И при первом же после этого мелком столкновении на раскомандировке, когда кто-то плакался на плохой хомут, а другой ругал расхлябанный и неналаженный плуг, раздался властный и нетерпящий возражений и споров окрик. Коммунары изумились, остолбенели, подобрались. Коммунары обступили приказывающего, властного, зашумели:
– Чего кричишь?
– Командер! Дурочку такую брось!.. Подданных тебе тута нету!
– Командуй в другом месте! Над дураками!
Шум разросся. Он взметнулся десятками дюжих, горластых криков. На шум собрались, побросав кой-какую работу, другие, возившиеся по-соседству коммунары. Прибежали, разжигая в себе захлестывающее, подмывающее любопытство, бабы. Прискакали ребятишки.
И под открытым небом, на широкой улице, внезапно, без всяких повесток и оповещений, состоялось собрание. Посыпались жалобы и сетования на всякие житейские мелочи и пустяки. Как на суматошливом сходе, кроясь за спиной других, заорали несуразное и непутевое крикуны. Но вокруг правления коммуны сразу образовалось дружное и напористое ядро. Крикуны и бузотеры с пугливым изумлением почувствовали, что отпор им идет от сплоченной и согласованной кучки, что кучка эта растет и забирает силу и что с ней зря не поспоришь.
Марья со стороны, не мешаясь в толпу, присматривалась ко всему, что происходило в этот день. И ушла с этого собрания, происходившего под открытым небом, раздраженная, негодующая, но чем-то втайне смущенная:
– Шалыганы! – с пренебрежением и злобою сказала она вечером ребятам. – Орут, орут, а работа стоит! Никаких толков!.. Им бы, без спору, пахать да пахать, а они вот что!.. Раззор!
Филька возился молча с чем-то у порога и ничего не ответил. Но Зинаида, сверкнув молодыми, крепкими зубами, весело откликнулась:
– А с Петрушиной падью, сказывали ребята, к завтрему, к обеду управятся! Взялись дружно!
– Дружно! – передразнила мать. – У вас дружно-то в столовке из чашки ложкою хлебать!.. Работа! Как завели эту коммуну, так все и стоит, ни с места!.. Рази этак-то, к примеру, у нас бывало? Влас об этую пору уж отпахивался!.. А тут...
Марья махнула рукою и ожесточенно рванула с полки самовар.
– А трактор? – брюзгливо и по-взрослому снисходительно вмешался Филька. – Не видала ты, как интер жарит?

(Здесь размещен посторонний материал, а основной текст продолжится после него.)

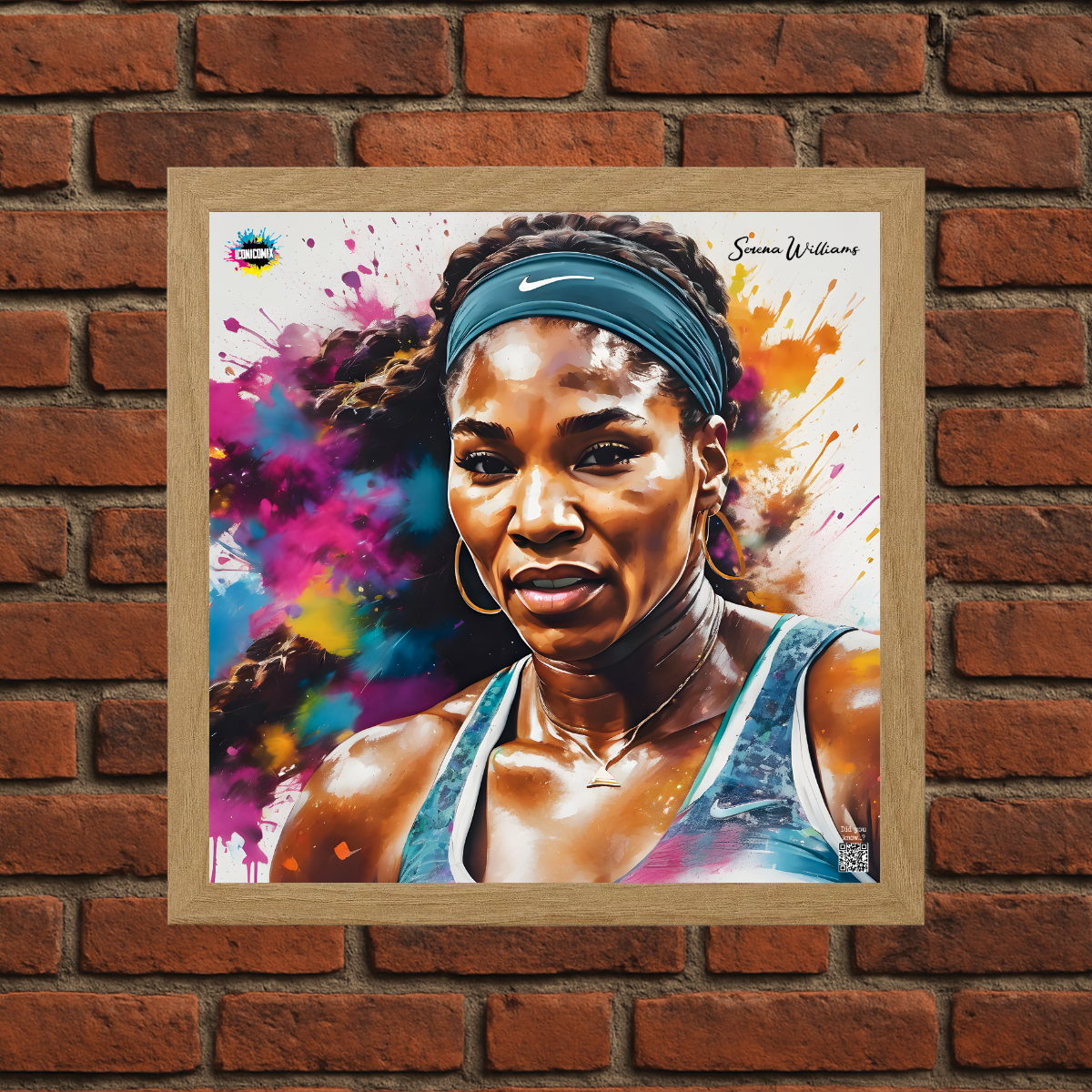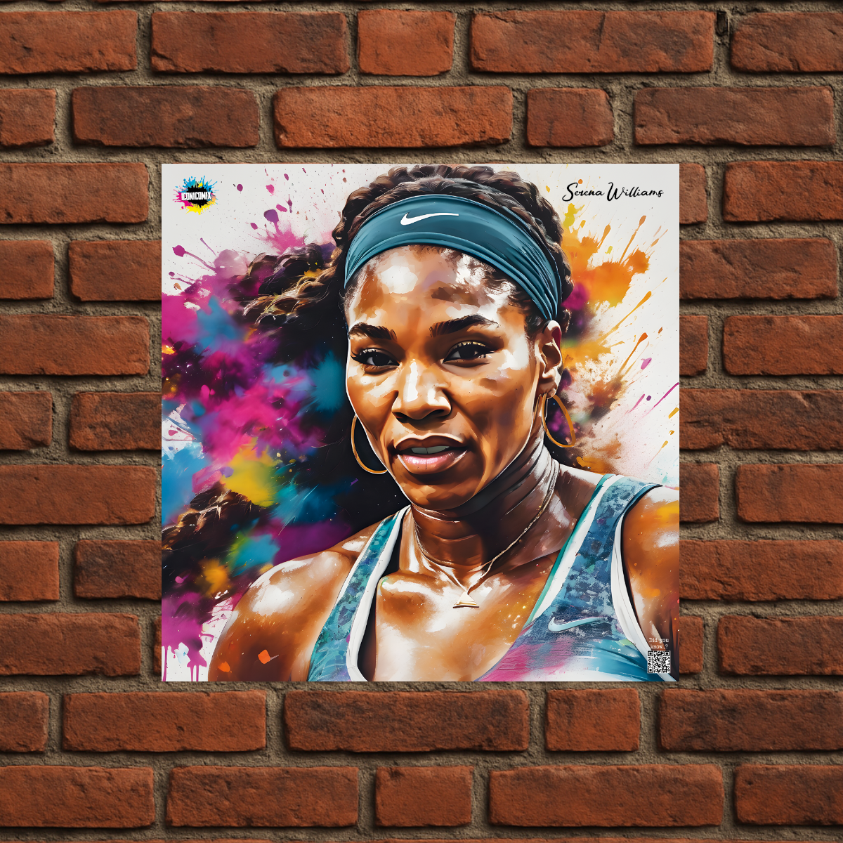 In ogni nostra grafica è presente anche un QR code che reindirizza al sito iconicomix.com, alla pagina ufficiale dell’icona che hai scelto. Una porta digitale che racconta la sua storia, le sue frasi e il suo mondo.

Погляди!
– Трахтор... – приостановилась мать, прижав к животу тусклый самовар. – Вот спортится, а кто ладить его станет? Трахтор-то ваш – не мужичьи руки! Кака-нибудь заминка выйдет, и сядет коммуна с ем!..
...Трактор многим не давал покою. Когда впервые выехал он в поле и три лемеха рванули жирные широкие пласты земли, мужики, в настороженности и ожидании шедшие следом за машиной, приостановились и нелепо, ненужно, но добродушно и ласково выругались. Васька подскочил к трактористу, когда тот провел первую четкую борозду и объезжал полем, налаживаясь прокладывать вторую, подбежал и восхищенно заорал:
– Той!.. Паря, погоди! Дай мне за колесо подоржаться!.. Ну, дай, сделай такую милость!
– Отстань, не вяжись, Васька! – зашумели окружающие.
– Куда ты на машину? Чувырло спортишь!..
Тракторист блеснул улыбкой и покачал головой. Васька разочарованно и сконфуженно отскочил в сторону.
– Я научусь! – погрозил он кому-то. – Увидите!..
Вокруг трактора по коммуне и в ближайших деревнях шли большие споры. О тракторах в этих местах только слухом слыхали, но видеть их не видывали.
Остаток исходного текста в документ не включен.